The walk will be a free outdoor show as Wallenda launches a three-week run at Circus Sarasota. City leaders are also hoping to showcase Sarasota scenery as a backdrop to Wallenda's stunt.

"I wanted to do something for my hometown," Wallenda said. "My hometown has been so supportive of me."

Wallenda, a Sarasota native, comes from the famous circus family that included his great grandfather Karl Wallenda, who fell to his death during a performance in Puerto Rico in 1978.

On Tuesday, Wallenda plans to walk a wire from a crane near the city's Unconditional Surrender statue of the sailor and the nurse on Sarasota's bayfront, across the street to Marina Tower, landing on someone's balcony.

City officials signed off at a meeting this week, but the Florida Department of Transportation still needs to approve the plan to shut down U.S. 41 during the stunt in order for it to go forward. The performance is scheduled to start at 10:30 am.

Unlike Wallenda's highly publicized walk across Niagara Falls last summer, this walk is planned without a safety tether that could catch Wallenda if he stumbles. Wallenda says his contract for the live televised Niagara Falls walk required him to wear one, but he has made it clear he prefers to work without one.

City officials gave him a green light for the walk without the safety line, going against a staff recommendation on the issue.

"He is the legacy of the Wallenda family," said Mayor Suzanne Atwell. "We have love for Nik.

We have passion for Nik.
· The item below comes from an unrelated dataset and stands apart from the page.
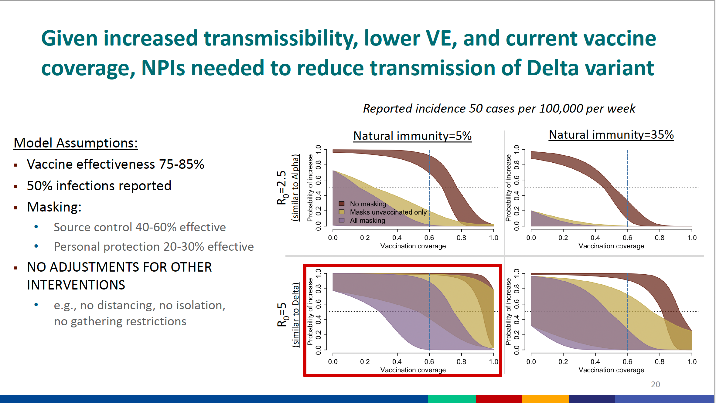 This pair of slides are complicated and difficult to understand for those who have not previously encountered these types of analyses, which may explain why the Washington Post did not discuss the information and conclusions. These represent statistical modeling projections for the potential impact of different intervention options (vaccination and mask use) based on assumptions concerning the reproductive coefficient of the virus, the effectiveness of mask or vaccine use, the extent of vaccine acceptance in the population (uptake), and the fraction of the population which has been previously exposed/recovered/naturally immune due to prior SARS-CoV-2 infection. The NPIs mentioned in the title refers to non-pharmaceutical interventions (ergo masks, social distancing, etc.). The starting point for understanding these projections is to understand the underlying assumptions of the modeling performed; 1) Vaccination is presumed to 75-80% effective in preventing infection (but the most recent data indicate that approximately half that value is a more reasonable assumption). This is a measure of the “leakiness” of the vaccines, which here is assumed to be 20-25%, but is more likely to be about 60%. 2) The Ro is presumed to be 5 for these models (Ro = 2.5 for Alpha), but in Slide #15 we learned that the Delta Ro is 8. 3) “Natural Immunity” from prior infection/recovery is presumed to be either 5 or 35% of the population. 4) The baseline “incidence” of new cases of infection is presumed to be 50 cases/100,000 population/week. 5) The benefits of mask use in preventing infection of those wearing a mask is presumed to be 20-30%, whereas the benefits for blocking virus transmission from infected persons is presumed to be 40-60% effective. The vertical axis projects the probability that the 50 new cases/100,000/week increases based on the modeled interventions (vaccine uptake, mask use). The horizontal axis projects the fraction of the overall population which has been fully vaccinated (eg. 0.6 = 60% vaccine uptake). Based on the “red box” designation, CDC appears to presume that 5% of the overall population currently has “natural protection” from prior infection and recovery. The darker brown curve represents the probability range of viral spread (increase) if no mask use (vaccine intervention alone). The mustard-colored curve reflects the modeled effect of just masking the unvaccinated. The purple curve indicates the modeled effect of masking on both vaccinated and unvaccinated. These mask effectiveness ranges are the reason why the curve plots are so broad, rather than just being a single line. Based on the flawed assumptions used (those flaws being that Ro is actually 8, not 5, and vaccine effectiveness is more like 40%), these projections indicate that at approximately 60% vaccine uptake (also a bit optimistic at this point), in the absence of mask use the Delta variant has an approximately 100% probability of spreading at greater than 50 cases/100,000/week. If only the unvaccinated were to wear masks, the probability of seeing further spread ranges from 40 to 100%. If both vaccinated and unvaccinated practice optimal mask use, the probability of further Delta viral spread ranges from 0 to 90%. From this analysis (Slide # 22), the CDC concludes that “Given higher transmissibility and current vaccine coverage, universal masking is essential to reduce transmission of the Delta variant” (below 50 cases/100,000/week). Based on these projections, it appears that if the more realistic variables of Ro =8, 40% vaccine effectiveness, and suboptimal mask use are employed, it is unlikely that the eventual spread of the Delta variant through the general population can be controlled even with considerably higher uptake of these leaky vaccines and perfect mask compliance.

We have faith in Nik and trust in Nik."

Wallenda said he would have found another spot over private property – rather than over public land on the bayfront – if city officials required a tether.

Although he is outspoken about his dislike for wearing safety tethers during walks, Wallenda says he is well aware of the risks of his job.

"When you become complacent that's when something happens whether it be a gust of wind or a slip on the wire or a trip," he said "There's something that wakes you up."